Authors: Robb Forman Dew
“I’ll tell you,” a woman in the obstetrician’s office had said, “there’s nothing like it in the world,” also with a trace
of dolefulness. But no one could have made Dinah believe in the passion of being the mother of a child. Fathers are passionate,
too, but they guard their souls more carefully. They are able to experience a crisis of faith, fear of mortality—in the abstract—
apart
from the fate of their children. And while she did know women who wore their maternity indifferently, Dinah was suspicious
of them even while she sometimes envied them. But she didn’t really think of them as being anyone’s mother. She thought that
real mothers—all the mothers in the world—are simply the fools of the earth in the ways they live with hope, in the ways they
must continue to believe that they can save their own children. Momentarily overwhelmed with hopelessness, she had sat leaning
against the tiled wall of the Vet Clinic, abstractedly stroking the limp body of the cat.

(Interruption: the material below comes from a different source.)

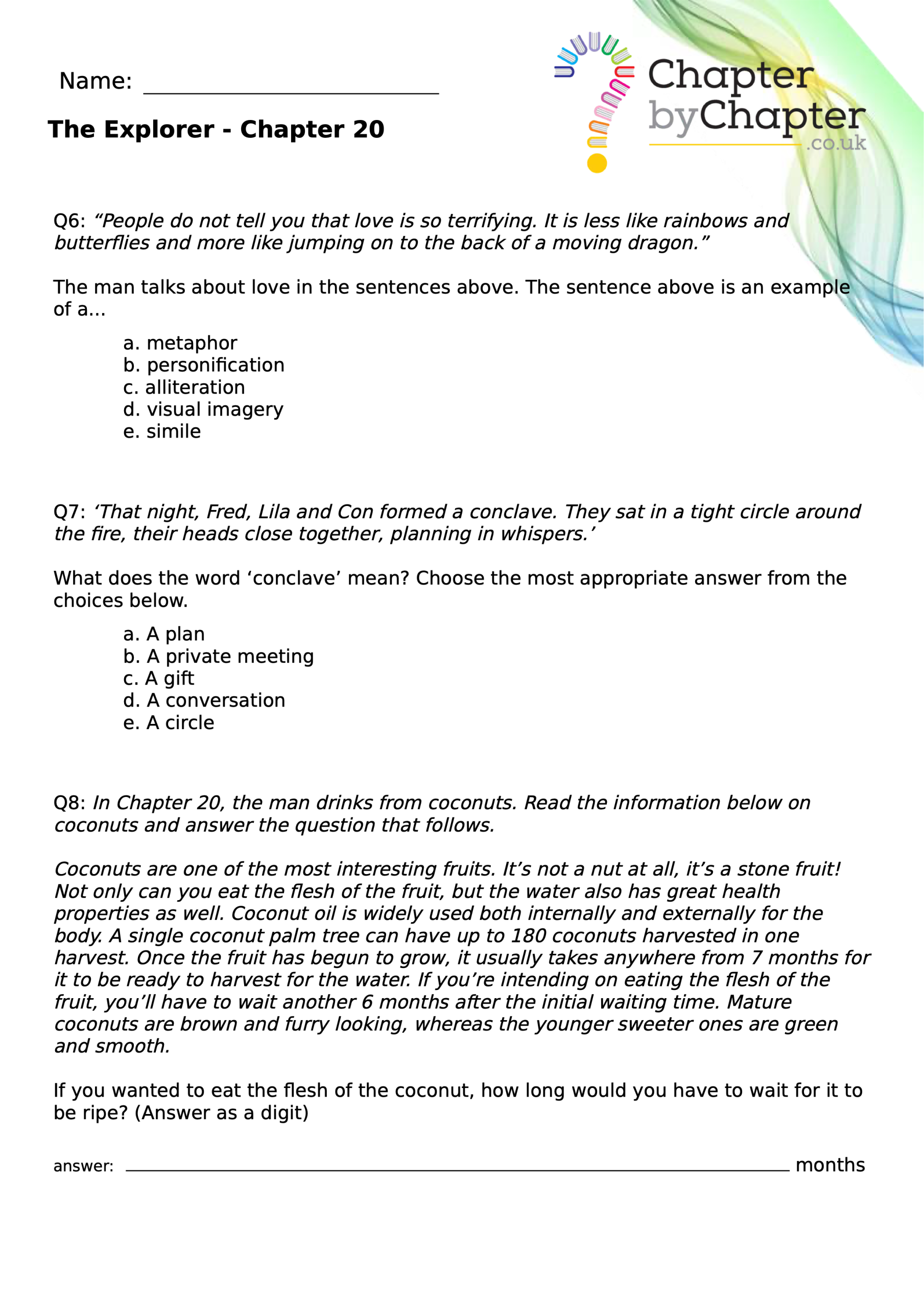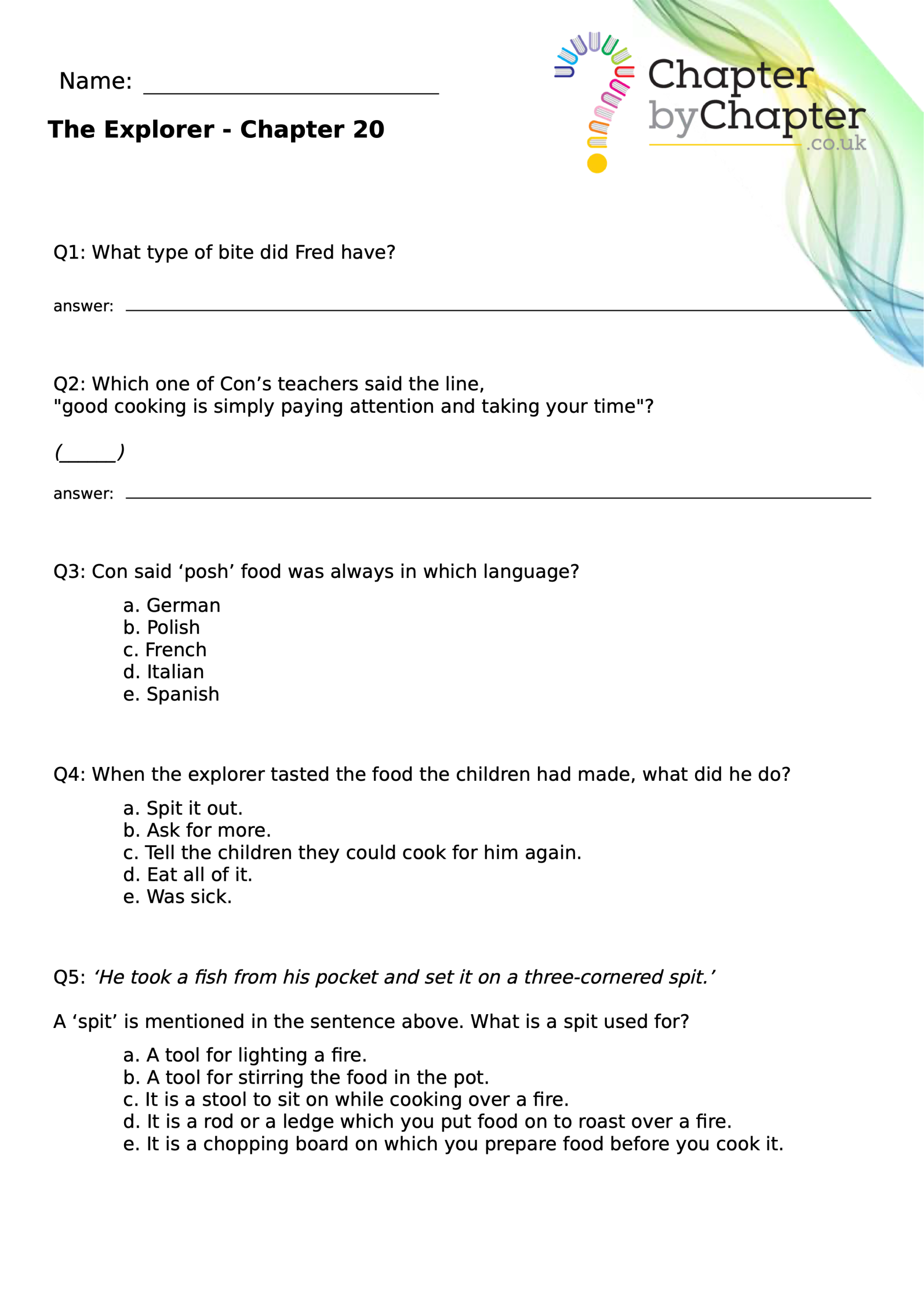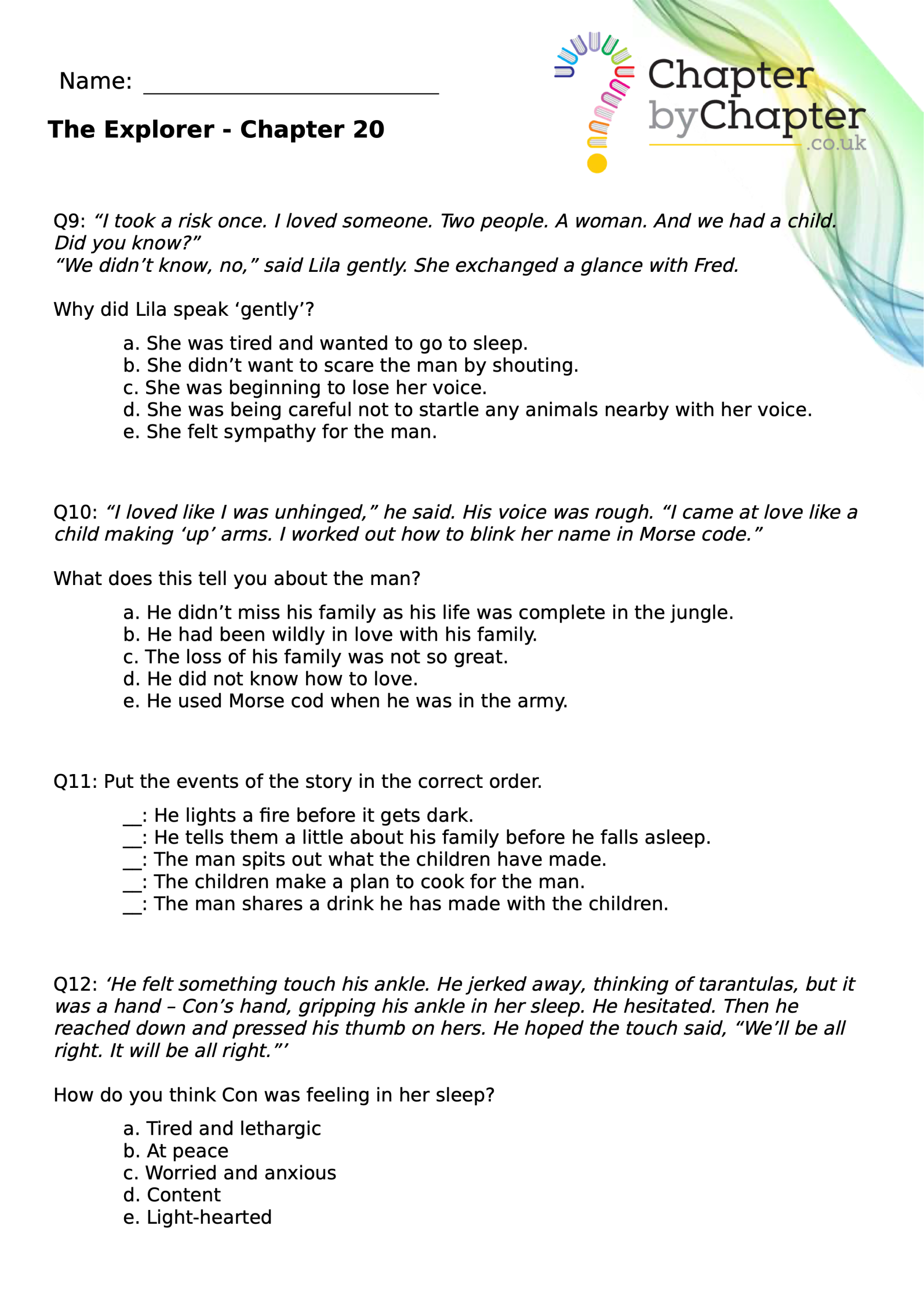 Another chapter comprehension pack, this time linked to Chapter 20 of The Explorer.

By this evening, though, sitting at dinner with Martin and David and Sarah, Dinah was surprised to find the remembered image
of her children moving through the garden in the near dusk filling her mind and pulling her to the edge of an exhausted and
tentative peacefulness. She
got up from the table and began clearing the plates away while David and Sarah and Martin went out to pick the corn.
“I like the really small ears,” she said. “I want two of them.”
A large kettle of water was boiling on the stove, and the windowpanes had misted over, so she couldn’t see the three of them
moving through the cornstalks, but she was suddenly pleased for the moment just to have the knowledge of their being there.
She had been trying for a long time, now, to hold on to kindliness in the world, wherever she could find it, in lieu of the
terrible urgency of passion.
O
VER A PERIOD OF
thirty years, Arlie Davidson, the Howellses, next door neighbor, had walked a succession of dogs along a route that crossed
the corner of the property on his other side to reach the meadow that sloped up into Bell’s Forest. But one Saturday afternoon
the new owner of that property, Raymond Brickley, who had bought the house to use as a weekend retreat, was disgruntedly inspecting
the job the house painters had done in his absence when he caught sight of Mr. Davidson and his corgi. Mr. Brickley climbed
down from his ladder and moved a few steps in Mr. Davidson’s direction. All his mistrust of the local tradesmen and his suspicion
of the natives’ intransigent dislike of him were suddenly brought to bear on this flagrant transgression of his privacy.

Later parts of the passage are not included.